The Home Office has today (25th July 2023) announced the recipients of its £8.3million Violence Against Women and Girls Support and Specialist Fund.
We are deeply disappointed that this fund has failed to ring-fence funding for lifesaving services led by and for Black and minoritised women, and other marginalised groups including migrant women, Deaf and disabled women and LGTBQ+ survivors. Despite these services being best placed to provide tailored, holistic support to the most marginalised survivors, they are chronically underfunded and therefore often on the brink of collapse.
This fund had the potential to help so many of these services, but due to the way it has been designed, we are saddened but unsurprised to see smaller but vitally important specialist organisations not named as the recipients of the millions being distributed. A fund aiming to support ‘by and for’ organisations must take into account and be responsive to their needs if it is to be accessible to the services that most need it. In failing to do this, the Home Office’s latest funding announcement is really no different from any other fund; replicating and further entrenching inequalities in access to statutory funding.
The End Violence Against Women Coalition, along with a wide range of specialists including Imkaan and Women’s Aid, has long called for ring-fenced national funding for specialist ‘by and for’ services. Current funding structures and practices systematically disadvantage ‘by and for’ organisations while benefiting large, white-led services. During the design of this fund, we raised the alarm that its set up would further marginalise smaller ‘by and for’ services, but our concerns were ignored.
While funding has gone to a number of important specialist services, we are concerned to see a significant proportion of the fund go to statutory agencies, reducing the potential for it to reach smaller non-commissioned services led by and for Black and minoritised women and other marginalised groups.

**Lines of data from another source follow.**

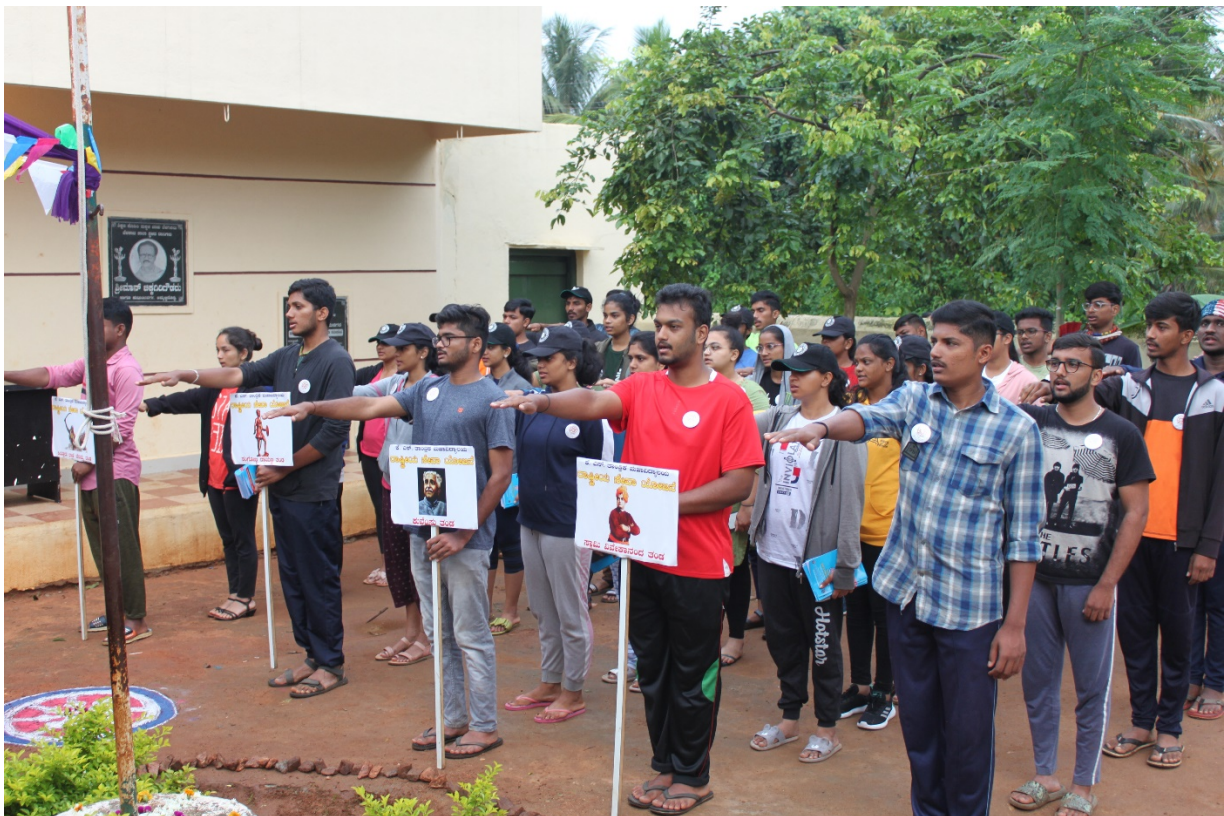
Volunteers taking pledge during flag hoisting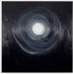
Ann Craven Moon (1/7/12, 10:55 PM, Mirrored) , 2012 Oil on linen 72 x 72 inches (182.9 x 182.9 cm) NG2417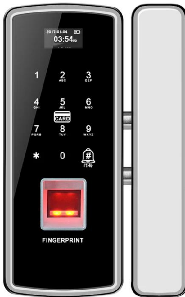
Home Office Smart Lock System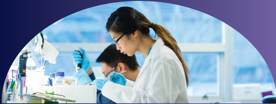
Student research at the UBC Prostate Centre.

With degrees in every major field of study, plus opportunities for specialization and co-op learning, there's no limit to what you can study during your time at UBC.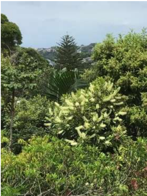
view over the O'Connors back garden rainforest: Ivory curl tree ( Buckinghamia celsissima ) in centre and Lemon Myrtle ( Backhousia citriodora ) on the right.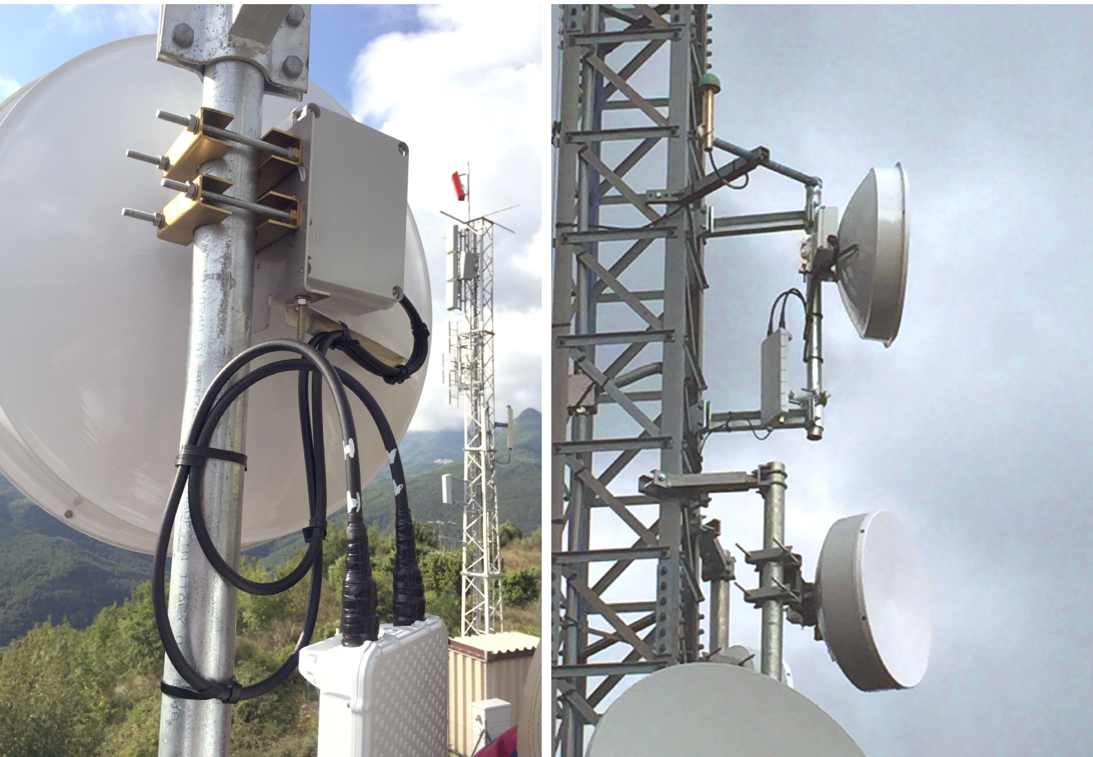
The picture above is one side of the link installed in a Serra di San Quirico municipality

Netoip - an internet service provider from Italy (Ancona region) has decided to participate in the beta testing program of the new LigoPTP RapidFire wireless backhaul devices and set up a 6.5 km (4 mi) link with external dual-pol directional dish antennas. The link is used for the backhaul of a network that connects multiple base stations serving residential and business customers to provide data, VoIP, and video surveillance services.

Specialist services are struggling to meet demand and stay afloat in the cost of living crisis, at a time when survivors need them more than ever. It is ‘by and for’ organisations, and the marginalised women they support, who are hit hardest by this funding crisis. It is high time the government made good on its promises to prioritise violence against women and girls, and committed to sustainably funding specialist support services with funding processes that reflect the needs and challenges of expert ‘by and for’ organisations.